Blade Stumbled On A New Way Of Making Vampires

In 2024’s Blade: Red Band #3, by Bryan Hill and Carlos Fabian Villa, Blade clashed with a powerful and ancient vampire named Pontious Van Helsing. He used a disturbing tactic to recruit vampires; he simply replaced some of the blood used for transfusions at a hospital with his own. In this case, he then launched an attack on the hospital and killed a few people, so they would be raised as his own personal vampire army. But the truly chilling aspect of this is that he didn’t really need to.
Logically, vampires could easily capitalize on this approach by simply contaminating a blood bank. While many who had transfusions would survive, it’s logical to assume that some would naturally die and be reborn as vampires. Blood banks often service several hospitals in their geographical vicinity, so vampire hunters like Blade would wind up rushing from hospital to hospital dealing with newborn vampires who were naturally very hungry indeed.
Even more disturbing, though, it’s worth remembering that not every vampire story runs with the idea that vampire blood is only active for a short period of time. Marvel could easily switch this up, which would mean that absolutely anybody who had undergone a blood transfusion at one of those hospitals would turn into a vampire when they eventually died. Vampires would spontaneously rise for years or decades after a vampire used this technique.

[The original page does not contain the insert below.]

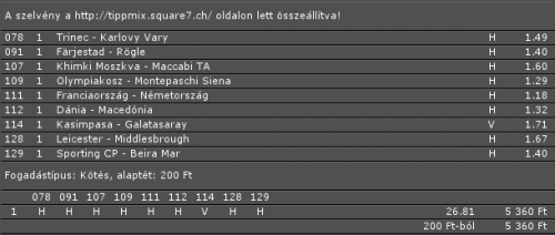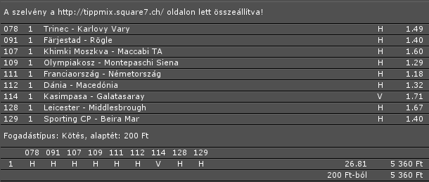 hallottam már sokszor hogy valaki tippmixből él. egy kis kezdő pénz kell hozzá meg 1-2 meccsnél nem szabad többet tenni 1 szelvényre. mindenki rinyál, hogy mindig 1 meccsen megy el a szelvénye. tedd meg mindegyik meccset külön szelvényekre, és akkor nem olyan sokat, de legalább nyersz. mert megraktok pl 5 meccset egyszerre, és abból elmegy 1. vegyük úgy hogy mindegyik meccsnek 1,5 a szorzója. és mindegyiket megrakod egy ezressel. 4 meccs bejön, 1,5*4 az 6000 Ft, 1000 Ft plusszba vagy. ez változó persze, lehet hogy a 2,7es szorzós meccs jön be akkor már jóval több a plusz. de ha 5 meccsből 1 jön csak be akkor se gáz mert legalább maradt pénzed, és lehet hogy másnap szerencsésebb leszel és abból a maradék pénzből meg nyersz többet. próbáljátok ki ezt is. kedden buktam a liverpool miatt, tegnap váltottam taktikát. megraktam hogy everton nyer, 2,25ös szorzóval, 3000-el. a chelsea meccset éreztem hogy bukta lesz, nem raktam meg, ezt tegnapelőtt írtam egy fórumon: "2013. jan. 01. 21:23 |

This Technique is Perfect for the MCU

Vampires have officially been part of the MCU bestiary for a long time, even referenced by Korg in Thor: Ragnarok. The MCU has since begun to explore the supernatural, even if Marvel has been slow to make a new Blade movie. It’s surely only a matter of time before the focus lies upon Homo nocturna (Marvel’s official name for the vampire subspecies). Given that’s the case, it’s interesting to speculate what approach Marvel will take.
Marvel has always liked to dabble in pseudoscience, even when dealing with magic and the supernatural. Doctor Strange used quantum mechanics to explain away sorcery, while Thor claimed to come from a world where science and magic were one and the same thing. It would be easy for Marvel to incorporate some pseudoscientific tactics into their own version of vampire lore, and that could easily include something like this disturbing way of creating vampires.